1. Mid-America Fish Contaminants Group, August 1989, Fish Sampling Guidelines.

2. DER Water Quality Monitoring and Quality Assurance Section, Bureau of Water Analysis, Tallahassee, FL, July 1984 Draft, Interim Method For The Sampling and Analysis Of Metals In Fish Tissue With Emphasis On Mercury.

3. U.S. E.P.A., Environmental Monitoring and Support Laboratory, Cincinnati, OH. October 1980, Interim Methods For The Sampling And Analysis Of Priority Pollutants In Sediments and Fish Tissues.

4.3.7 Shellfish Sampling

This protocols pertain only to the collection of whole organisms which will be processed by the laboratory. This means that the shellfish must be collected with shells INTACT.

4.3.7.1 Sample Collection

a. Shellfish may be brought to the surface using divers, clam rakes, tongs or any other suitable means.

b. Unless specific species are required, the sample should include samples of all species.

c. Select only live organisms. This means that the shells are tightly closed and cannot be manually pried open.

d. The laboratory must be consulted for the number of shell fish to submit. Since many shells will open in transit, collect at least twice as many specimens as the laboratory required.

4.3.7.2 Sample Transport and Preservation

a. Wrap all specimens from one location securely in aluminum foil.

b. Place in a sealable plastic bag, seal bag, identify contents with a field ID number and place immediately on ice.

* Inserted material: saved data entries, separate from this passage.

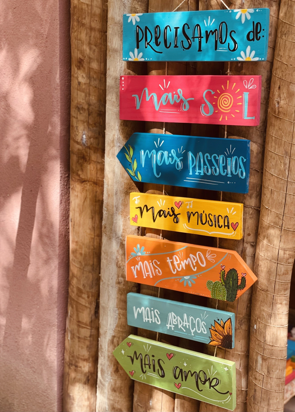Precisamos de mais sol, mais música... Interligadas amb. Externo é uma peça única feita à mão em madeira pinus, ideal para trazer um toque especial ao seu espaço. Com tamanhos que variam entre 7x25cm e 8x30cm, e uma altura aproximada de 69cm, essas placas são perfeitas para decorar sua varanda, jardim ou qualquer ambiente que precise de um pouco mais de alegria.
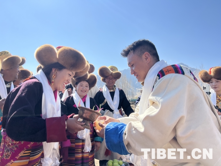 開耕儀式結(jié)束后,茶巴朗村藏戲隊成員們?yōu)樵缫褤Q好藏裝過來體驗西藏民俗文化的游客們獻哈達、敬青稞酒、唱敬酒歌,游客們現(xiàn)場學(xué)起“三口一杯”與當(dāng)?shù)厝斯捕冗@美好的一天。西藏卓美旅行社負(fù)責(zé)人孫赫男介紹說:“西藏除了山水美景之外,春耕儀式也是非常具有當(dāng)?shù)靥厣奈幕枺芙o人留下深刻記憶。今天,我?guī)е鴣碜员鄙蠌V等全國各地的游客來這里體驗春耕儀式,讓大家看看西藏當(dāng)?shù)氐娜罕娛窃鯓娱_始春天的。游客們穿著藏裝,免費品嘗青稞酒、酥油茶、牛肉、藏雞蛋等各種農(nóng)產(chǎn)品,還和充滿熱情的當(dāng)?shù)卮迕駛兓樱麄兺娴梅浅i_心?!?nbsp;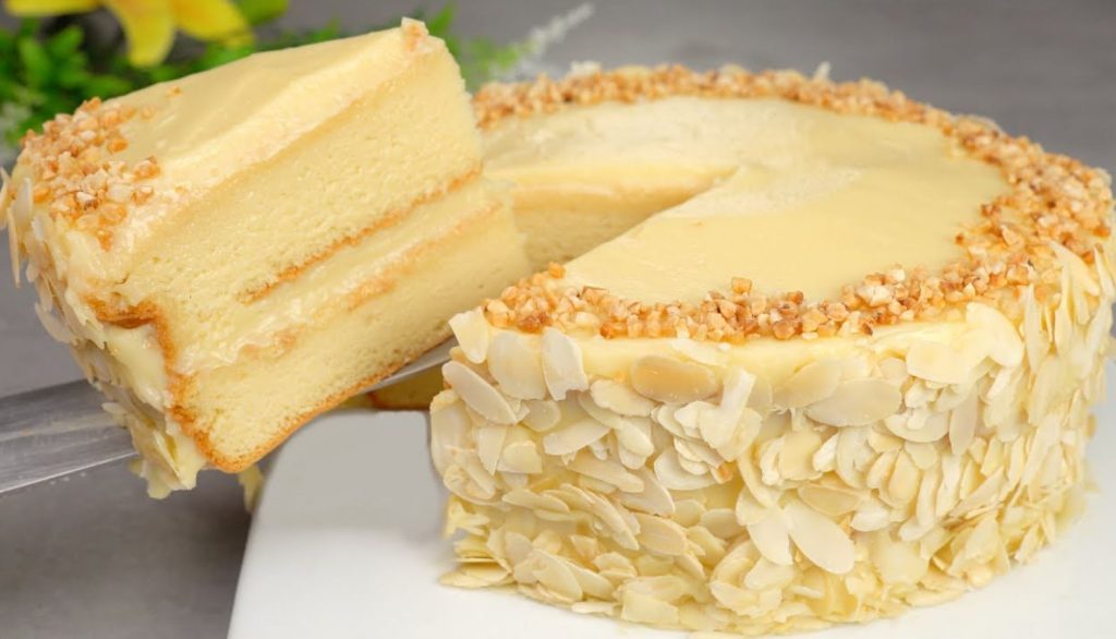 This easy-to-bake cake is one of the most delicious cakes you will ever eat. The cake is topped with roasted almond slices it is an amazing combination for a sweet and delectable pampering. Start by baking sliced almonds in a baking tray at 180 degrees Celcius for 8 minutes. Once baked, take it out of the oven and let it cool.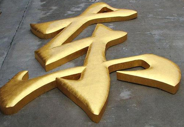 銅字不易生銹,它的顏色只有一種,即金黃色,給人感覺富麗堂皇、很威嚴。許多政府單位用得多,像外樓的字、門牌、行政牌等。銅,亦是較易氧化的金屬,因此常將它進行電鍍或完成字形加工后將表面拋光處理,再做封閉漆(防銹),使其金光閃閃,凸顯出來的效果更好。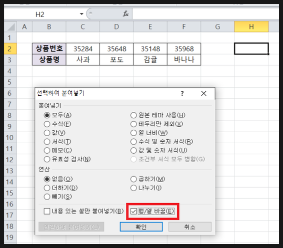 3. 행/열 바꿈을 체크한 뒤 확인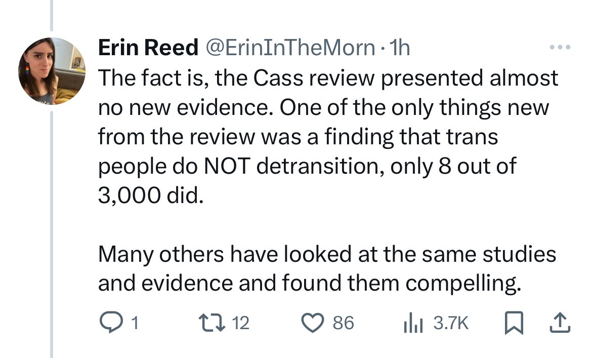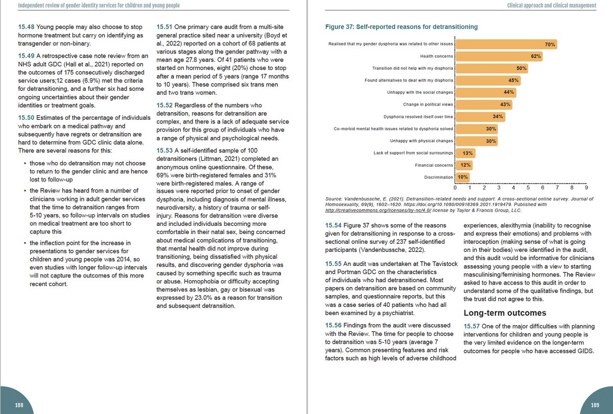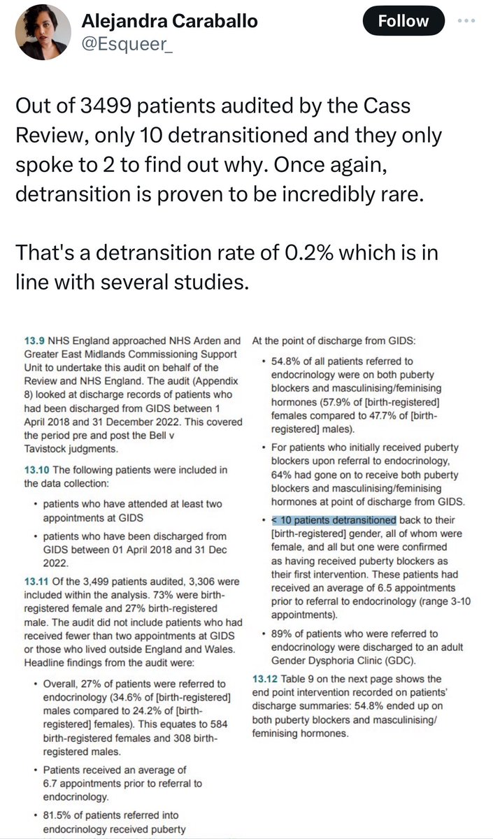 @billybragg @JuliaSerano Jones also repeatedly says that the detransition rate is about 1%, saying that long-term studies show this. This despite the fact that Cass said in her report that because of a lack of long-term follow-up, the detransition rate is unknown.

c. Complete documentation which must include:

1. Description of sampling location

2. Depth that specimens were found

3. Species identification (if possible)

4. Number of different types of specimens (if applicable)

5. Collection time

6. Collection equipment and method

d. Samples must be transported to the laboratory within 24 hours of collection. They may be frozen for transport, but must be frozen immediately upon receipt in the laboratory.

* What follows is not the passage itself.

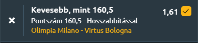 - Az Olimpia Milano számára ez az idény eddig csalódás minden szinten. Az EuroLigában sorozatban harmadszor maradtak le még a play-inről is, az olasz bajnokság alapszakaszát pedig csupán ötödik helyen zárták (20–10-es mérleggel). A negyeddöntőben viszonylag simán jutottak túl a Trentón (3–1), de az elődöntőben már komolyabb falba ütköztek. Az első meccsen kis híján idegenbeli győzelmet arattak, de végül 68–67-re alulmaradtak. A második találkozón még sikerült egyenlíteniük tökéletes játékkal, ám a harmadik mérkőzésen hazai pályán sem tudtak dominálni, és 78–68-ra kikaptak. Nikola Mirotic 21 pontjával a csapat egyedüli húzóembere volt, míg Shavon Shields 14 ponttal segítette a támadást, de más érdemi teljesítménye nem volt. Ráadásul Josh Nebo és Nenad Dimitrijevic továbbra is sérültek, ami jelentősen csökkenti Ettore Messina rotációs lehetőségeit és a belső védekezés hatékonyságát. Nem néz ki jól!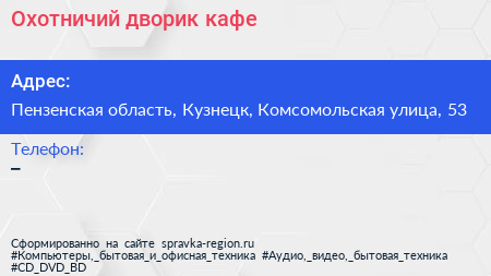 Охотничий дворик, кафе по адресу Пензенская область, Кузнецк, Комсомольская улица, 53 в дальнейшем Организация, размещена в следующих категориях:

NOTE: If samples are frozen for transport, sufficient ice and/or dry ice must be packed to that they remain frozen during transit.

4.3.8 Residual Sampling

Residuals matrix is defined as domestic waste sludge residuals. All sampling must be conducted by following EPA's POTW Sludge Sampling and Analysis Guidance Document, 1989.

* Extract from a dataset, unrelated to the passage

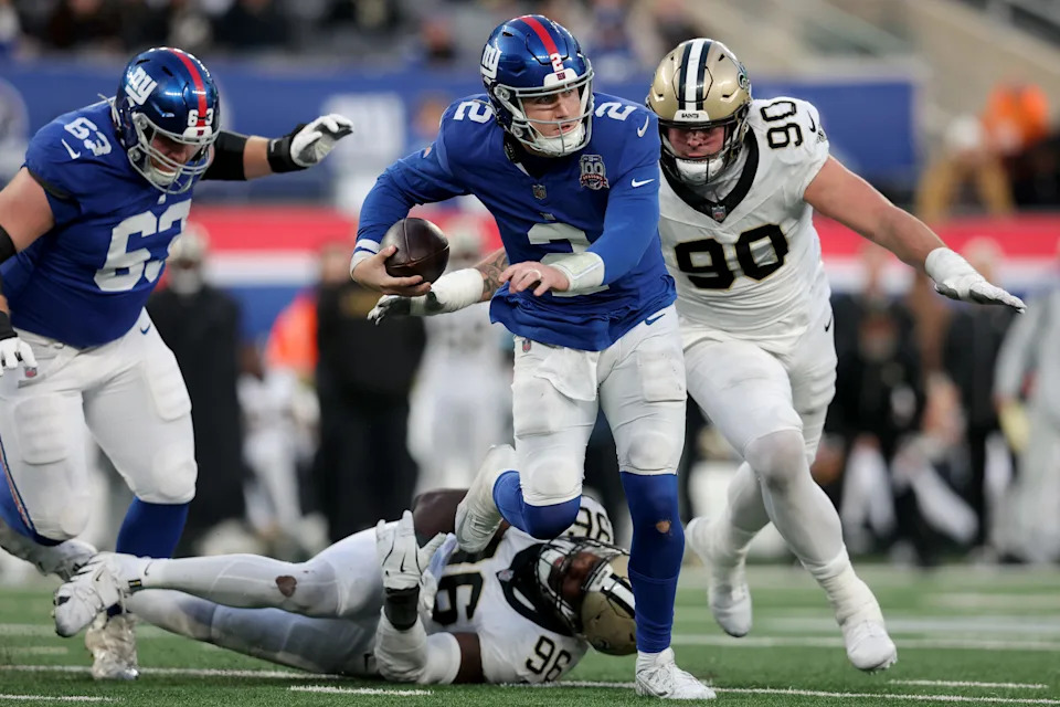Dec 8, 2024; East Rutherford, New Jersey, USA; New York Giants quarterback Drew Lock (2) runs with the ball against New Orleans Saints defensive end Carl Granderson (96) and defensive tackle Bryan Bresee (90) during the fourth quarter at MetLife Stadium. Mandatory Credit: Brad Penner-Imagn Images

4.3.9 Hazardous Waste Sampling

Hazardous Waste Sampling shall follow the protocols outlined in the following sections of the EPA Region IV "Standard Operating Procedures and Quality assurance Manual" (February 1991):

a. Waste: Pits, Ponds and Lagoons - Section 4.12.3, pp. 3 through 5.

b. Waste: Open and Closed Container Sampling - Section 4.12.4, pp. 5 through 8.

c. Waste: Waste Piles and Landfills - Section 4.12.5, pp. 8 through 9.

4.3.10 Sampling Protocols for Macrobenthic Invertebrate Identification

Sample collection macrobenthic organisms shall follow protocols specified in these documents:

a. "Macroinvertebrate Field and Laboratory Methods for Evaluating the Biological Integrity of Surface Waters", ORD, Washington, D.C., November 1990;

b. Standard Methods for the Examination of Water and Wastewater, Part 10500, 17th Edition, APHA, 1989.